De nombreux journalistes et éditorialistes ont reconnu et célébré l’influence de Carlin sur la comédie. Time a souligné comment la carrière de 40 ans de Carlin a approfondi les travaux transgressifs de Lenny Bruce et a contribué à faire du stand-up une véritable institution de la culture américaine.
Jim Windolf du New York Times a décrit Carlin comme un « prêcheur séculier », ajoutant qu’il était « béni ou tout simplement accablé d’opinions sur des sujets allant du ridicule (le peluchage de nombril) au sublime (l’existence de Dieu) ». Matthew Love de Rolling Stone l’a même désigné comme le deuxième plus grand humoriste, résumant brillamment : « Carlin était le comic ultime pour les penseurs, exigeant que son public lutte contre la montagne de bêtises accumulée par les clergés, les politiciens et les annonceurs. »

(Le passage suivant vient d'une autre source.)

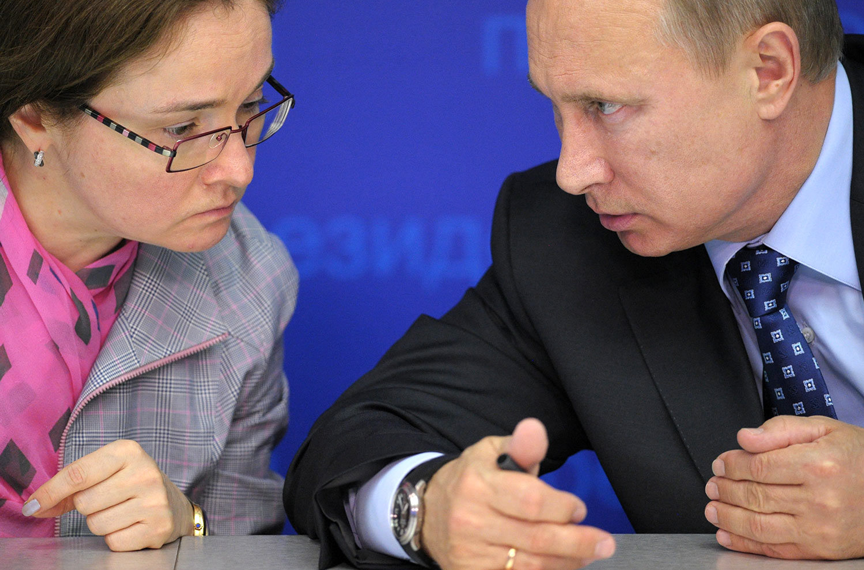 Vladimir Putin and Governor of the Bank of Russia Elvira Nabiullina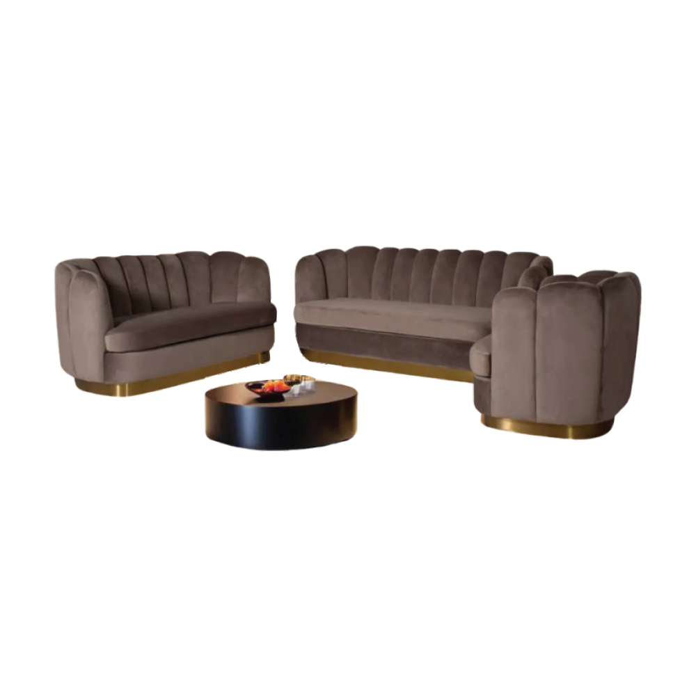 A luxurious 3+2 sofa set with scalloped channel-tufted upholstery, gold-tone base accents, and bold contemporary styling—crafted to enrich modern living spaces with elegance and comfort.

Voici la vérité méconnue, indulgente et virulente de George Carlin.
La séparation de ses parents à cause de l’alcoolisme de son père
Dans une interview avec Jon Stewart, George Carlin a expliqué comment ses parents s’étaient séparés en raison de l’alcoolisme de son père, notant qu’il « ne pouvait pas métaboliser l’alcool efficacement. » Dans un article publié par Esquire, il a également évoqué la violence de son père : « Pendant les cinq premières années de la vie de mon frère, mon père l’a battu avec une pantoufle à talon en cuir. Si j’avais subi un traitement similaire, tout aurait été différent. Son absence m’a sauvé la vie. » Bien que son père ait infligé de nombreuses violences à son frère Patrick, il n’a frappé sa mère qu’une seule fois, ce qui, selon NPR, était dû au fait qu’elle avait quatre frères et que son père était policier.

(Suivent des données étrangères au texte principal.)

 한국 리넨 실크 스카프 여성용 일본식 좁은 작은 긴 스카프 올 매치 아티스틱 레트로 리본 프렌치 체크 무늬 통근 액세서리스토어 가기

Cependant, malgré le comportement tyrannique de son père, la mère de Carlin l’aimait profondément : « Les deux étaient fous l’un de l’autre. Selon ceux qui les connaissaient, ils formaient l’un des grands couples de tous les temps. » Il peut sembler que leur relation soit un triste cas de connexion authentique ruinée par l’alcoolisme violent, mais Carlin attribuait cela à la « ligne de bulls*** terrifique » de son père.
Le parcours humoristique de George Carlin
Dans les années 1960, George Carlin s’est fait connaître pour ses parodies loufoques de publicités télévisées, arborant un costume et une cravate fine. Sa performance lui valut une rémunération impressionnante, atteignant 250 000 dollars par an, dont une partie fut investie dans l’acquisition d’un jet privé.
Cependant, malgré ce succès indéniable, Carlin n’en retirait aucune satisfaction. Comme il l’a exprimé, il se voyait récompensé pour son côté mignon et astucieux, mais non pour l’artiste qu’il était véritablement. Dans ses moments de doute, il se demandait même s’il ne devrait pas abandonner toute prétention de sérieux et adopter une nouvelle identité, se renommant Jackie Carlin, avec des chaussures blanches et des chaînes dorées.
À la fin des années 1960, en dépit de son emploi du temps chargé avec des films légers et des émissions variées, Carlin commence à se rapprocher de figures plus provocatrices comme Mort Sahl et Richard Pryor. Il s’engage également dans les questions politiques de son époque troublée, notamment la guerre du Vietnam, les droits civiques et, quelques années plus tard, le scandale du Watergate en 1972.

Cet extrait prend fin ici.